2. Business opportunity

They will look closely at your business to see if there is a potential for returns based on the opportunity your business presents

3. Context

Angels will look at all of your market research to try and digest the market you will be appealing to. This is the part where they will also check to see if anyone else is doing what you’re doing , but better.

4. The Deal

This is where they want to know what you’re asking them to do, how much it will cost them, then how much it could make them in a timely manner.

Don’t expect this to be a painless process, they will be going over not only your business plan, but your personal character with a fine tooth comb in order to be confident in their money expense. At the end of the day, though, if you have supported your idea using all these four areas as guides to base your research, and you have a good reputation in your network as a trustworthy and tenacious person, you should be able to get some all important initial investments.

Sourcing: A simple breakdown

Let’s be clear, I am a novice stumbling through the perils of starting my own business. Until now I have been an idea man, creating something out of nothing. Bringing to light ideas that only exist on an imaginary plane. Most businesses fail because of a lack of preparation, poor understanding of competition, revenue, bookkeeping, but most importantly funding. I’ve been reading articles about funding from banks, investors, and angel investors and it is all convoluted language based on the assumption that you know what you’re doing. Let me clear some basics up before we move on to decoding entrepreneurial talk.
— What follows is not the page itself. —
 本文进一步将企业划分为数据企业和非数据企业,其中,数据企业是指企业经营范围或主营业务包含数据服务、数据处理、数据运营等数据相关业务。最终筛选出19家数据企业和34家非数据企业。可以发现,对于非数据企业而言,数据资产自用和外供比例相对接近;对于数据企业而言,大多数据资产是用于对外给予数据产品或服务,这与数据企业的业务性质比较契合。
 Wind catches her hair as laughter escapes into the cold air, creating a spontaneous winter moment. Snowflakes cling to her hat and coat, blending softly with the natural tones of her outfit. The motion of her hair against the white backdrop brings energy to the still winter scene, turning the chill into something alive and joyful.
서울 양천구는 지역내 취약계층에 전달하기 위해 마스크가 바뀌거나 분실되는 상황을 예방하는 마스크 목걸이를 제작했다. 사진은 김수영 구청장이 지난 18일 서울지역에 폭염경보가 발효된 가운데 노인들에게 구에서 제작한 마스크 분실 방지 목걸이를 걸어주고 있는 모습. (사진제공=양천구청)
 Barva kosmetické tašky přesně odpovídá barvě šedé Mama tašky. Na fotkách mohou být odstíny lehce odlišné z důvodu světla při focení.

Sourcing in regards to angel investment means working towards receiving seed money to grow an idea past the idea phase.

Angel investment is an opportunity to receive money from an investor who is looking to help start other businesses in order to grow their own large supply of money.

When you as an entrepreneur hope to create something out of nothing, you will most likely need to find money to support that great idea to give you the necessary backing to succeed. One of my dear professors has reiterated several times to me the example of Hooter’s.
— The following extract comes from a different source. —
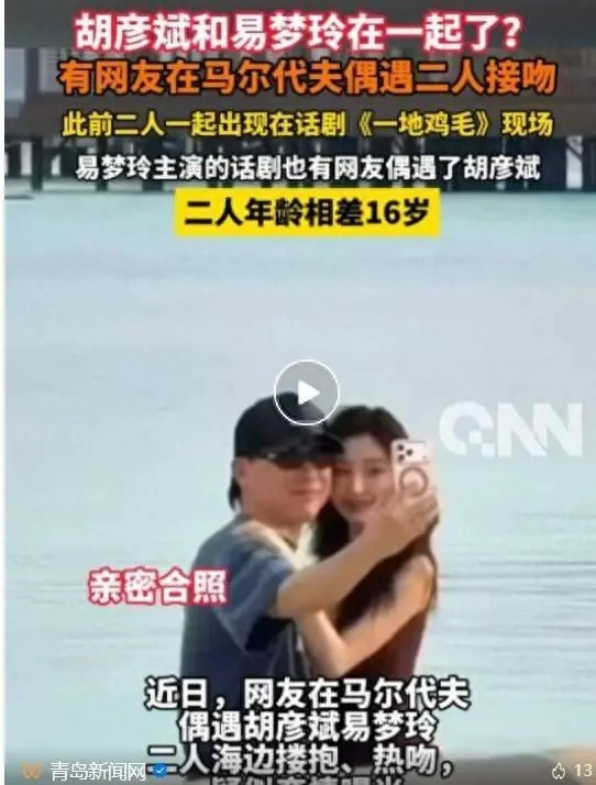 网友拍到胡彦斌易梦玲海边拥吻、自拍,二人相�岁
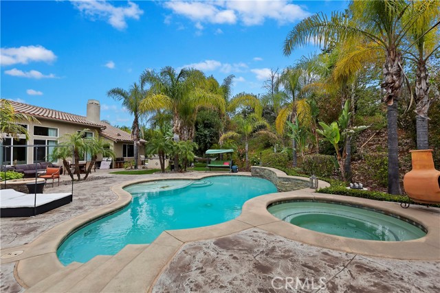 PRICED TO SELL!!!! Beautiful 5 bedroom + bonus office home situated in the private gated community of Seven Oaks sits on a quiet cul-de-sac with only 38 homes in the community. Upon entering the Double beveled front doors, you are greeted with elegant pillar columns, open formal Living/Formal Dining area, and windows that overlook the spacious patio and pool area! The open floor plan and large windows all around let natural light brighten up the home that help save on energy costs. Gourmet-Kitchen features a large island, stainless steel appliances with built in gas range, double oven, microwave, dishwasher, built in refrigerator and a vast amount of storage space to store all your kitchen gadgets, and necessities. Spacious Family room is right adjacent to the kitchen with a warm cozy fireplace perfect for winter. All rooms sit on one side of the home with two bedrooms that share a spacious jack and jill bath. The large private Master suite has its own Jacuzzi, his and hers walk in closet, double sink vanity, stand up shower with unique upgrades throughout. Attention to detail is evident. Custom features in the home include beautiful bamboo and tile flooring, Plantation shutters, Crown molding, surround sound, soft water system, sky lights, whole house fan, master jacuzzi tub, epoxy garage flooring, 2 fireplaces with gas logs, 3 additional air conditioners, knotty alder doors, and High ceilings make this home special. The backyard shows a beautiful Rock Ledged Saltwater Pool & Spa, fully Landscaped 31,000+SF Backyard with Fire pit, Patio, BBQ Island, & large lawn for all your summer BBQ needs. Landscaping is pristine w/loads of Palm Trees, Tropical Plants, & Outdoor lighting. Located near Santiago High School, easy freeway access and lots of shopping/dining centers.

In order to own a hooters franchise you have to (or used to have to) have at least $3 million in liquid money in order to not only buy the franchise, furniture, food, staff, etc. but also to be able to survive for three years without making a dime.

This is why large franchises can grow and spread when it seems that they aren’t making any money, they are well supported financially from the start.

As an entrepreneur its imperative to recognize the opportunities that you have to receive funding. So now we’ll go back to sourcing. You need to build a network. Easier said then done, I know. However it starts with becoming a member of your local county’s chamber of commerce, for my county this was a $145.00 for the first year with an investment of $135.00 every year after that. Next you need to begin forming relationships with influential people in your community that know where the money is. Once you’ve gained the respect from these people, because you believe in your product or service and you are able to communicate that, they will be willing to help you expand your network of possible investors.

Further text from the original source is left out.